Moreover, AI techniques can also offer personalized health recommendations based on environmental factors and individual health records. Personalized AI-powered chatbots can remind patients to take medication, schedule appointments, and provide real-time health advice, making patient engagement more efficient and tailored to an individual’s requirements.
Detection/prediction of disease, achievement of accurate diagnosis, and treatment optimization are the major challenges in personalized medicine, which can be addressed using several AI techniques, including Naïve Bayes (NB), artificial neural network (ANN), support vector machine (SVM), and fuzzy logic.
SVM: SVM can be used to detect and classify fall types with 99% accuracy, which is crucial to prevent falling. The technique can also be utilized to detect cardiac monitoring device accuracy.

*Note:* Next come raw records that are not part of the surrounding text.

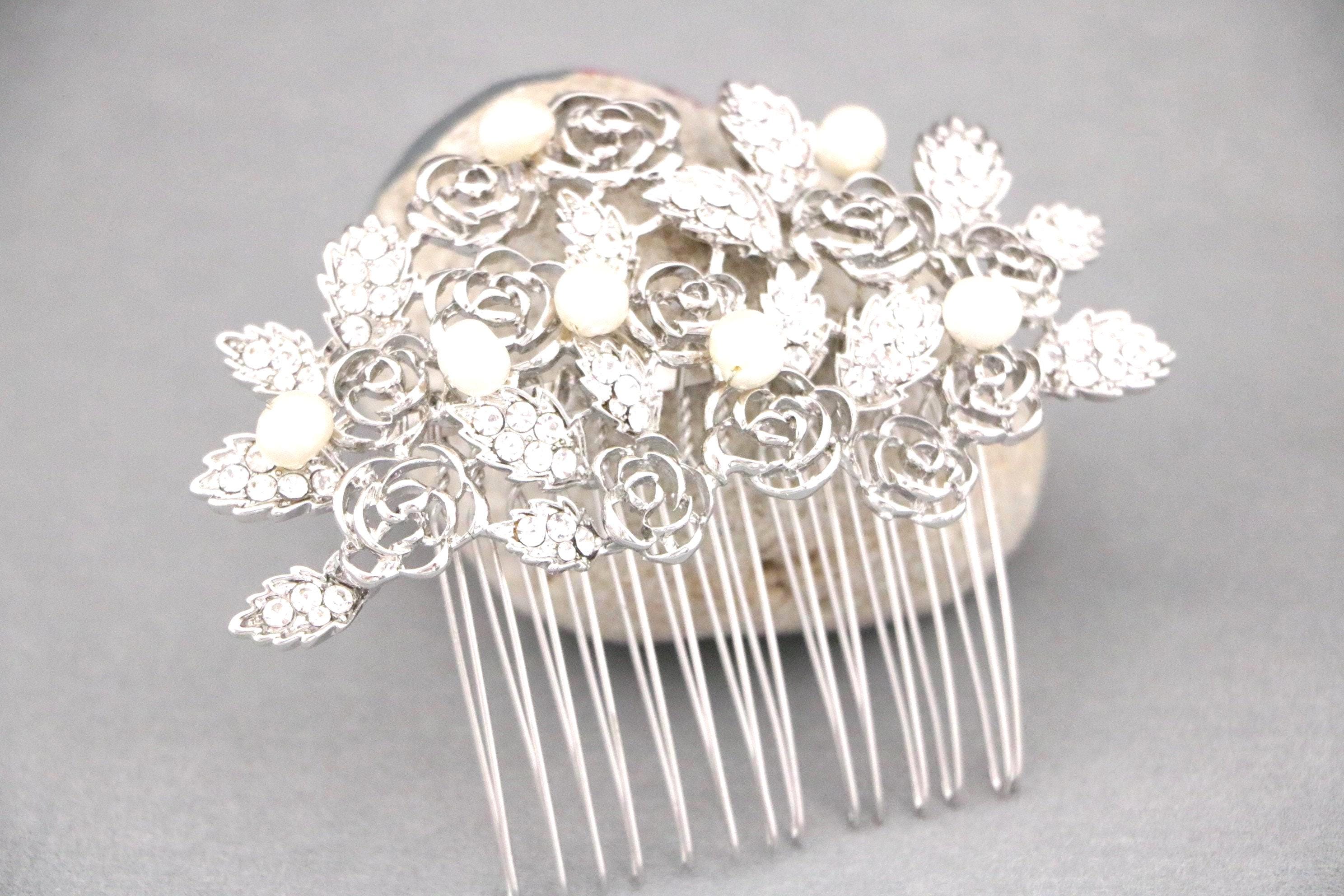 This sparkle rhinestone hair comb features a very beautiful vintage style Rhinestone piece and set it on a metal hair comb. The rhinestone part measures approximately 3.5 X 2 inches.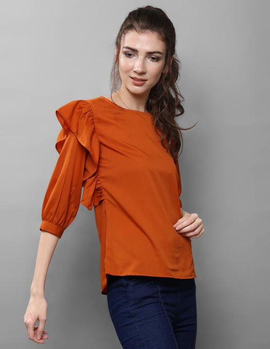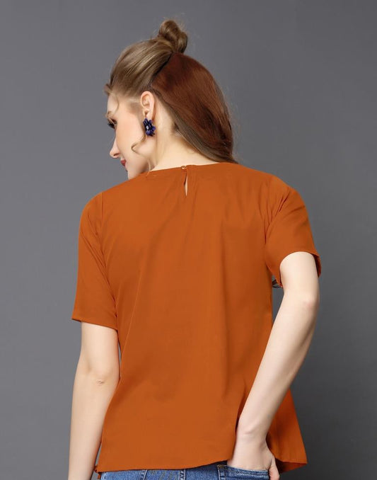 Stylish Rust Coloured Plain Crepe Tops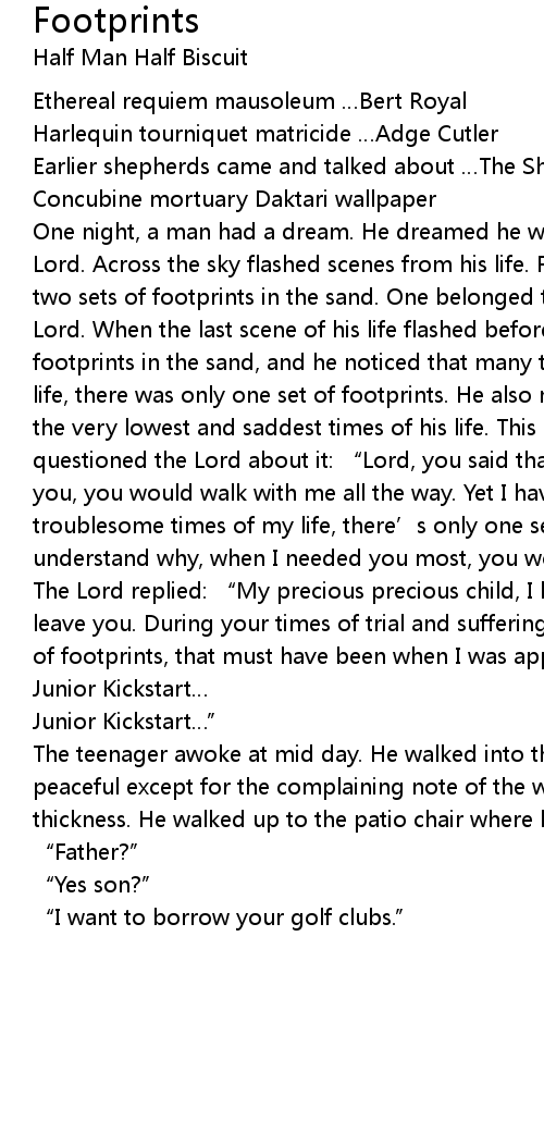 | The Lord replied: " My precious precious child, I love you, and would never leave you. During your times of trial and suffering, when you see only one set of footprints, that must have been when I was appearing on | |
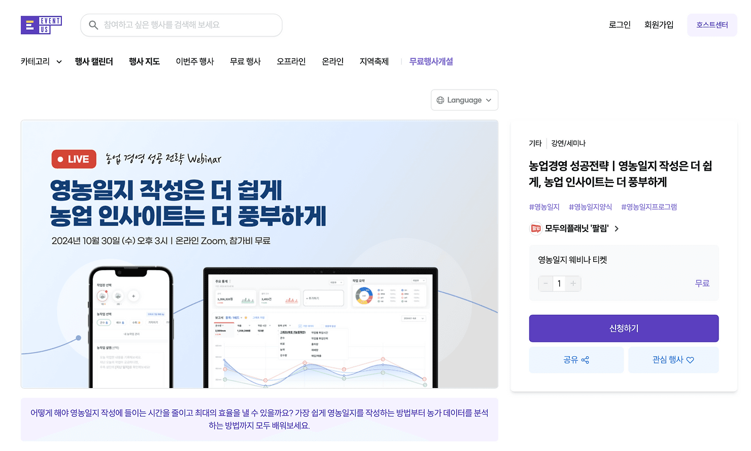 농업경영 웨비나ㅣ영농일지 작성은 더 쉽게, 농업 인사이트는 더 풍부하게

The generic cardiac arrest monitoring systems cannot differentiate between true events and artifacts across different individuals as they have been trained only on a general population level.

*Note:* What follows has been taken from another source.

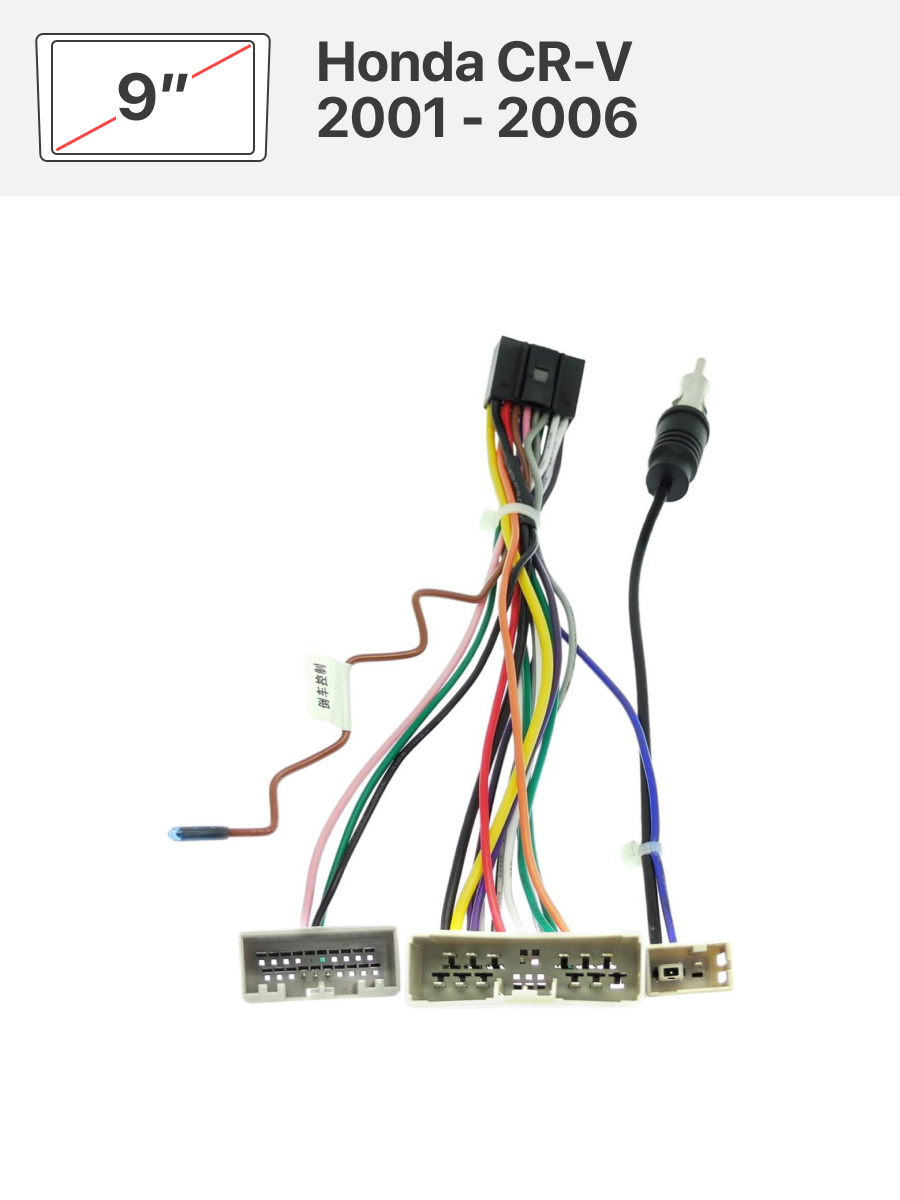 В комплекте идет переходная рамка 9 дюймов и переходник на штатную проводку для Honda CR-V 2001 - 2006

SVM can be used to realize a more accurate patient-specific result using the prior population-level knowledge for initial model creation and then refining the initial model by interacting with human experts selectively to obtain examples from a new patient until a stopping condition is fulfilled.
Heart disease can be diagnosed with higher accuracy using SVM, with studies demonstrating that 86.42% accuracy can be attained using SVM compared to only 80.81% accuracy attained using radial basis function (RBF). A hybrid machine learning (ML) methodology based on SVM classifier and bag-of-words representation can be employed to identify and disseminate healthcare information.
ANN: Decision trees (DTs) and neural networks (NNs) can be utilized to develop real-time patient-specific alarm algorithms. However, studies displayed that NN trained for eight hours had a marginally higher accuracy rate than DT and outperformed the generic alarm algorithms in devices. By analyzing spectral information and diagnostic criteria, ANN can also be used to accurately diagnose several diseases, including eye problems and different forms of cancer such as malignant melanoma.
In a recent study, ANN was used to effectively diagnose kidney stones. A dataset consisting of 1000 patient records and seven attributes representing the actual symptoms of kidney stones was used to perform the study.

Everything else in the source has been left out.